# What's locked and what's not?



## tcatdbs (Jul 10, 2008)

It pays to look at what channels you have locked out once in a while... I just noticed I get KBVO, KNVA (CW) and GSN in HD! I had CW and GSN in SD in my favorites... new HD and I didn't even know it!  Wonder how long I've had them...


----------



## tampa8 (Mar 30, 2002)

I think since 1962. :icon_lol:


----------



## James Long (Apr 17, 2003)

tcatdbs said:


> It pays to look at what channels you have locked out once in a while... I just noticed I get KBVO, KNVA (CW) and GSN in HD! I had CW and GSN in SD in my favorites... new HD and I didn't even know it!  Wonder how long I've had them...


KBVO HD and KNVA HD were made available June 1st (2:21pm Central Time).
GSN went HD on May 5th.


----------



## BillJ (May 5, 2005)

I lockout the SD versions of all channels available in HD to keep them out of the guide. (Why doesn't Dish give us the same tool for all channels that they gave us for SD/HD locals?) From time to time I review the lockouts because on one receiver a new channel added by Dish will automatically be locked out. Were it not for info on DBSTalk I'd have missed a few additions in the last few years.


----------



## n0qcu (Mar 23, 2002)

BillJ said:


> (Why doesn't Dish give us the same tool for all channels that they gave us for SD/HD locals?)


The new software that is currently spooling adds the feature to display only the HD version of a channel that has both SD & HD.


----------



## James Long (Apr 17, 2003)

BillJ said:


> I lockout the SD versions of all channels available in HD to keep them out of the guide. (Why doesn't Dish give us the same tool for all channels that they gave us for SD/HD locals?)

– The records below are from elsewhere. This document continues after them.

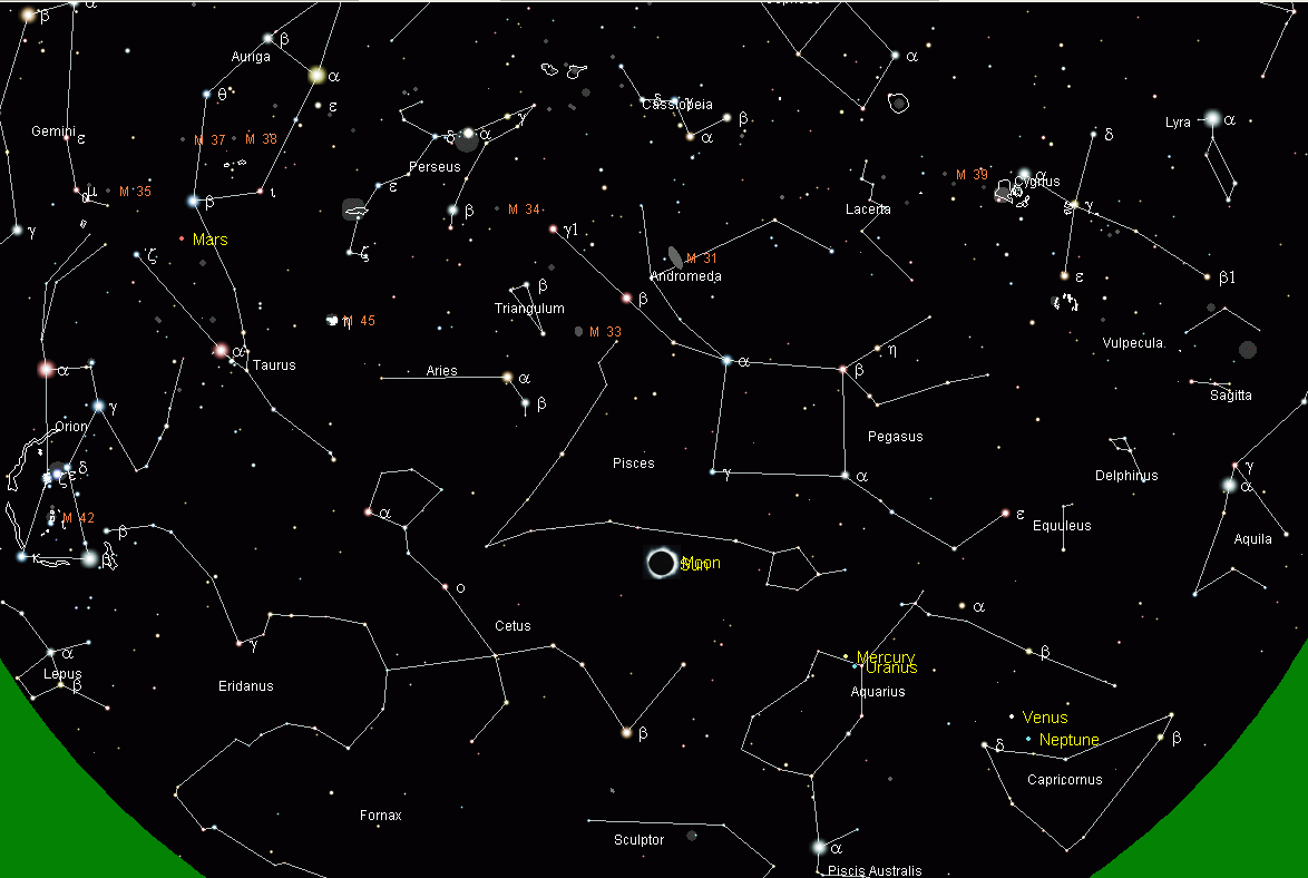 Prikaz vidnega neba med Sončevim mrkom: 29.03.2006. (narejeno s program: Sky Charts - Cartes du Ciel). Zorko Vičar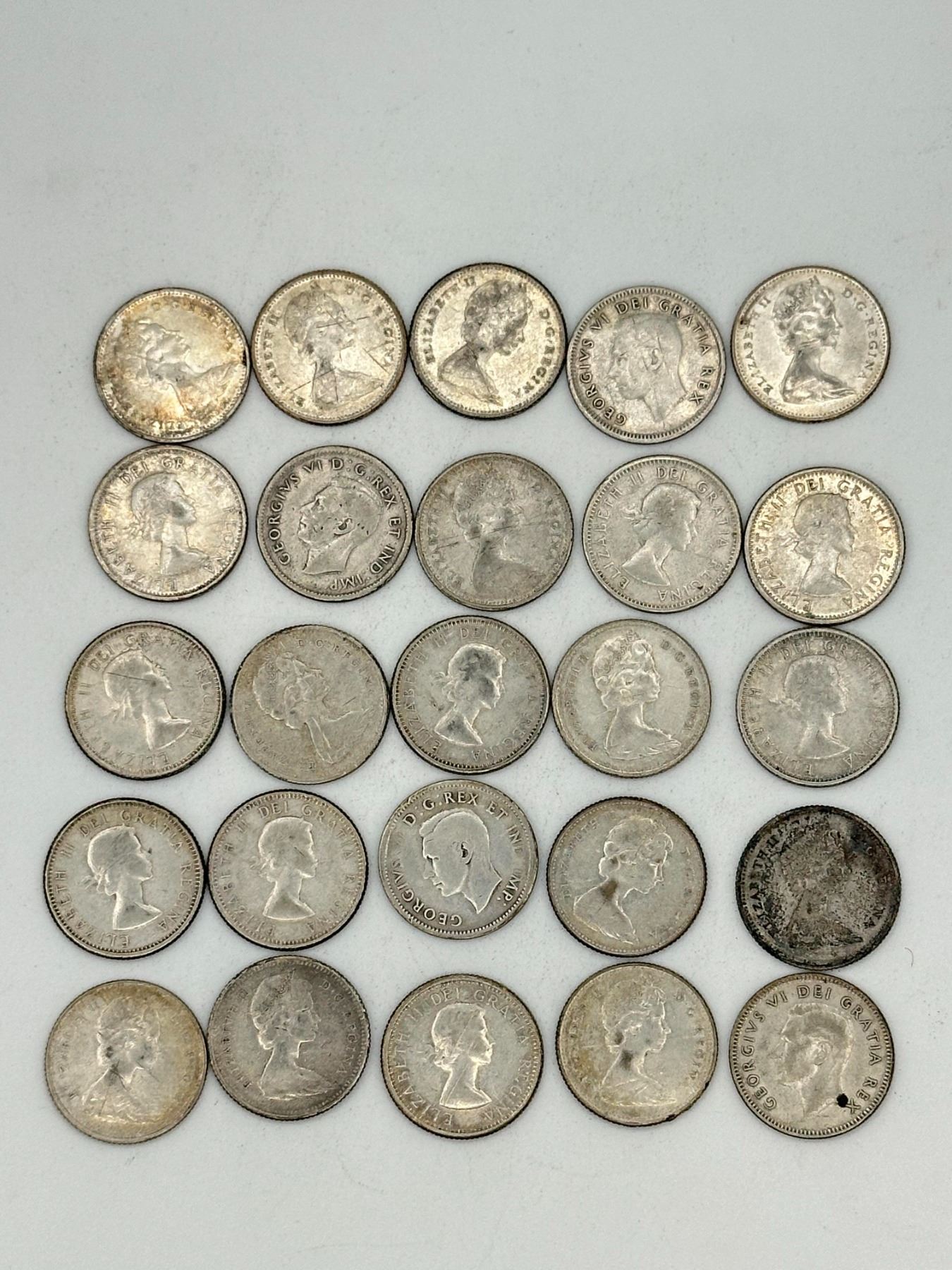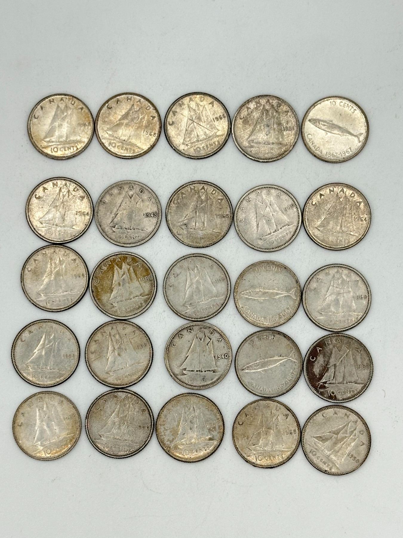 Lot of 25 dimes. Mixed group of Canadian silver dimes including 1940s–60s dates with some 1967 Centennial fish designs, circulated condition.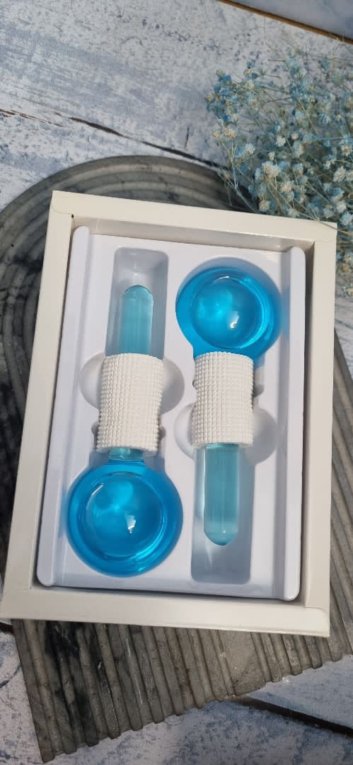 آیس رولر یا گوی یخی ماساژور صورت و ضد چروک رنگ آبی ساده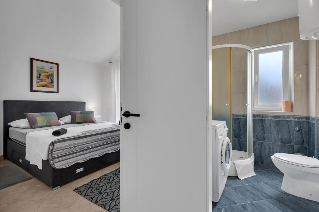 Ceea ce este cel mai important pentru mine cu copiii este un apartament curat, iar asta a fost excelent aici. Ne-a întâmpinat un apartament parfumat și foarte bine pregătit. Ana este o persoană foarte primitoare și i-a făcut pe copii fericiți imediat cu bomboane și fructe proaspete răcite. Plaja este la doar 2-3 minute de mers pe jos și totul este în apropiere, de la o mică piață, brutărie până la magazine. Parcarea este acoperită cu verdeață, astfel încât mașina să fie protejată și de soare în timpul șederii dumneavoastră. Vă recomandăm cu căldură Apartments Vanda pentru un sejur plăcut și plăcut în Makarska.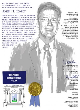 Meanwhile, the 108 Police Precinct Community Council presented its annual Community Person of the Year award to Joseph Conley, chairman of Community Board 2, for his volunteer work.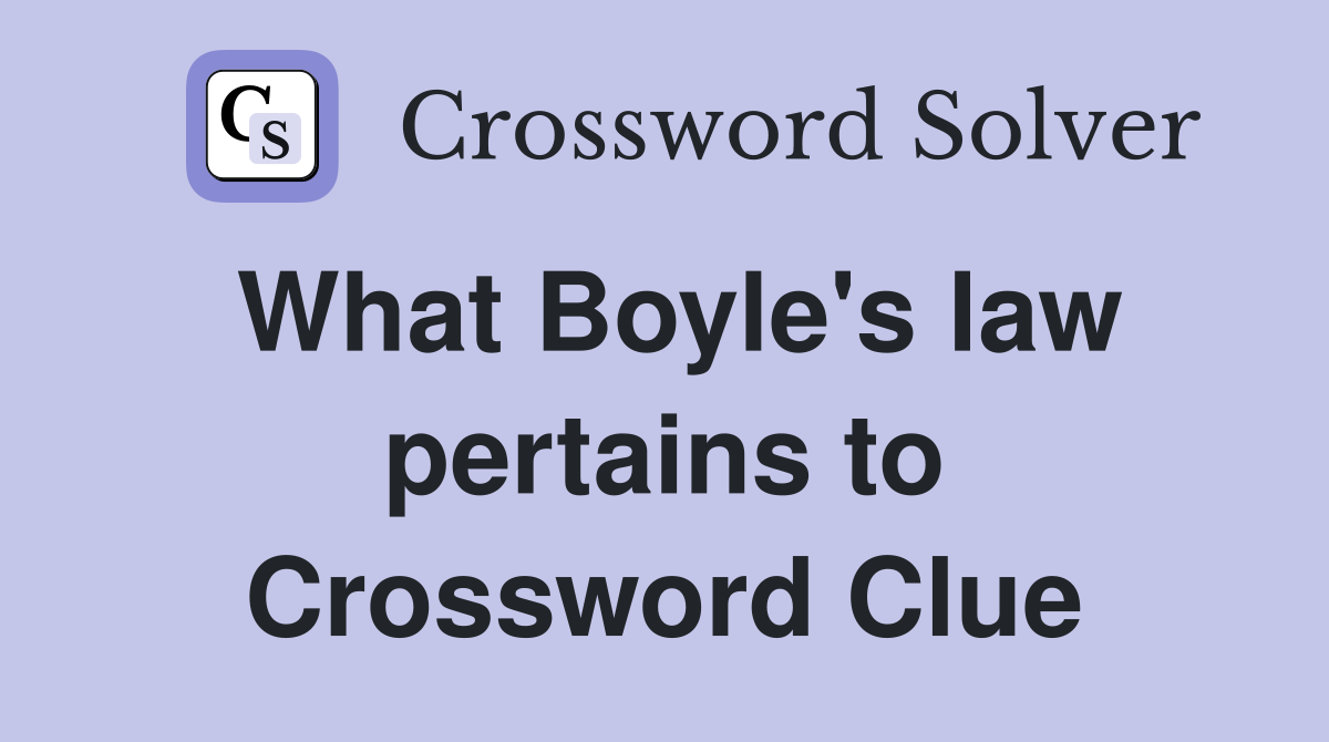 What Boyle #39 s law pertains to Crossword Clue Answers Crossword Solver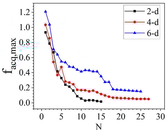 In the domain of function definition, initial training samples of ADGP are obtained by the Latin Hypercube Sampling (LHS) method. The numbers of initial training samples and the thresholds for the three function experiments are given in Table 2, where and are the numbers of initial and total training samples, respectively. Figure 6 presents the convergence history of the maximum acquisition function , where N means the iteration counter. Starting from the initial training samples, decreases, demonstrating the exploitation phase of adaptive sampling and that the prediction accuracy of ADGP is gradually improved.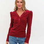 The Emily Top is a must-have long sleeve ribbed piece that effortlessly combines comfort and style. Featuring a flattering V-neckline and bold statement shoulders, it adds a sophisticated edge to the textured fabric while highlighting your natural silhouette.
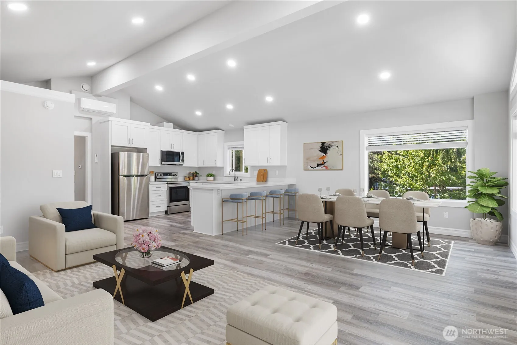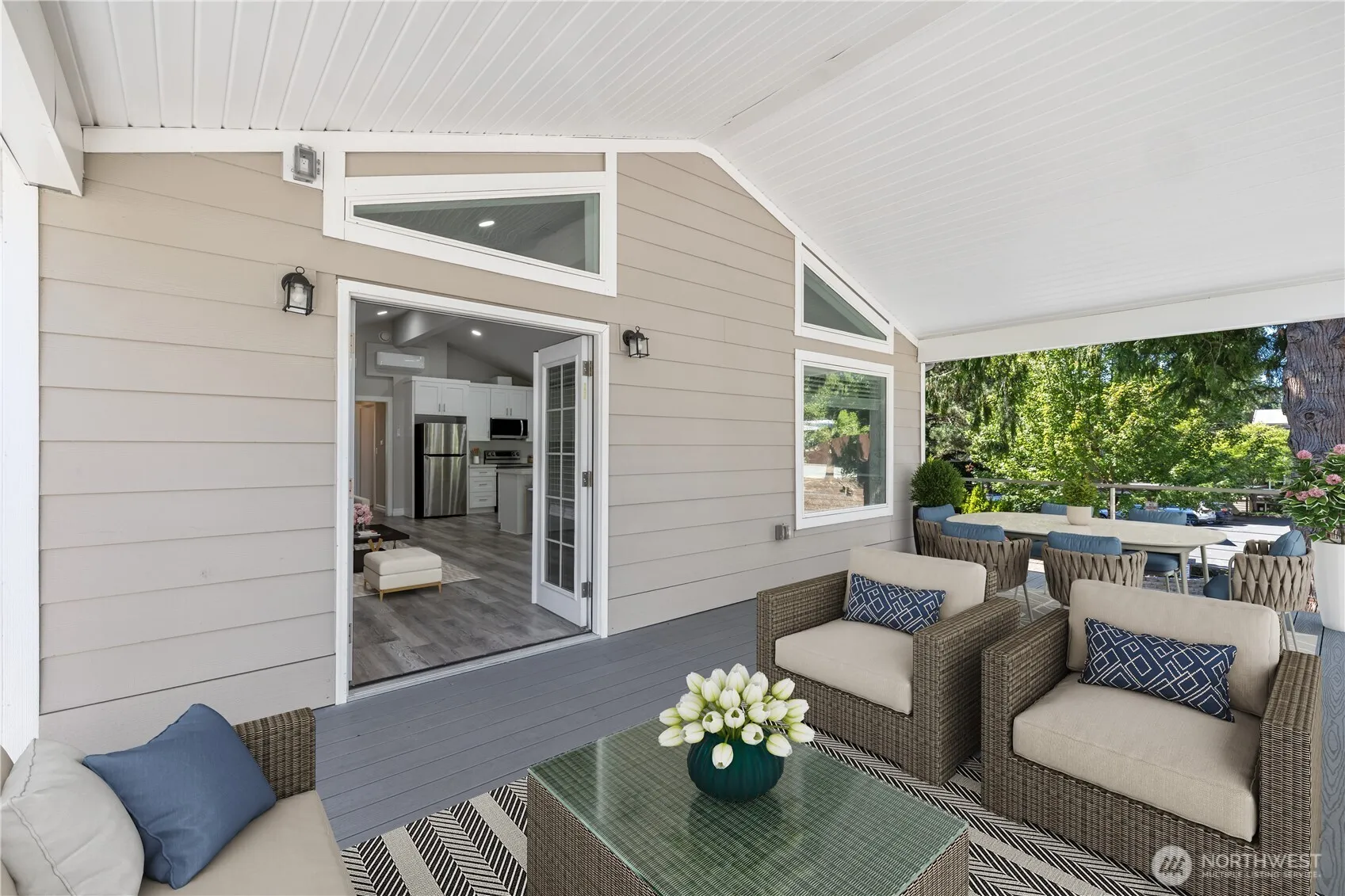 Built in 2023, this modern and stylish 1196 sqft home with great room floor plan features 2 bedrooms and 2 bathrooms. Living room with electric fireplace and French doors to covered deck for all-year enjoyment. Open kitchen with gleaming stainless steel appliances. All appliances stays. Vaulted ceilings throughout for an airy light and bright atmosphere. Mini-splits for heat and A/C; comfort no matter the season. Each bedroom features a walk-in closet and private access to backyard deck. Fantastic location in sought-after Edmonds, just minutes to the waterfront and a multitude of restaurants and shops, plus several nearby parks and beaches. Easy access to transit and thoroughfares to major job centers. Two-car carport. Edmonds Schools.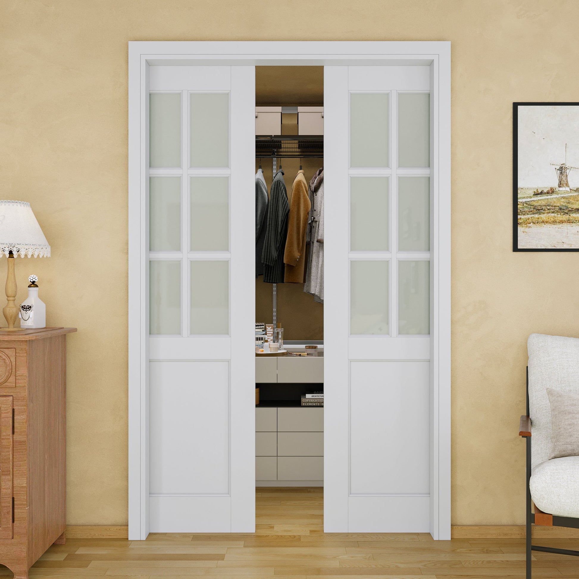 Jujubon 6-Lite Frosted Glass Pocket Door with Hardware Kit & Soft Close & Frame, MDF Wood & Paint-grade Finished, White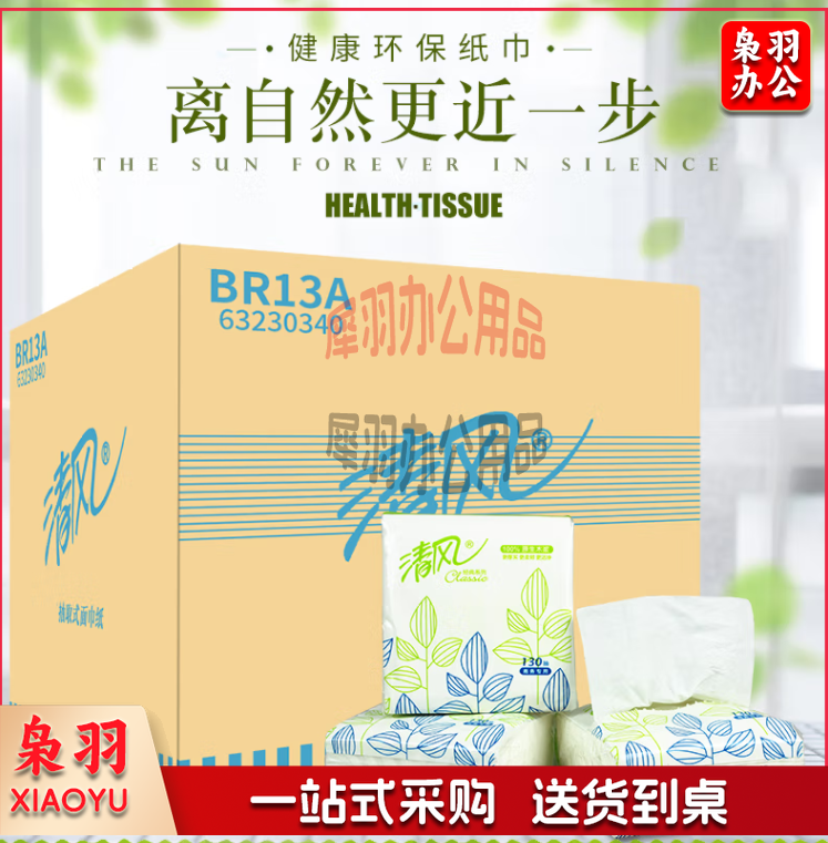 清风抽纸130抽96包抽纸巾正方形方抽餐巾纸酒店餐饮双层面巾纸BR13A(箱)ZUDY02281016052030

The latest DVR software finally has that option. I don't believe it has made its way on to the 211 yet.


----------



## BillJ (May 5, 2005)

Thanks for info. I missed that change. Just tried it and it works. This receiver just got L635 Monday. The other got L634 and L635 when first rolled out. I'll go take the locks off that one right now.


----------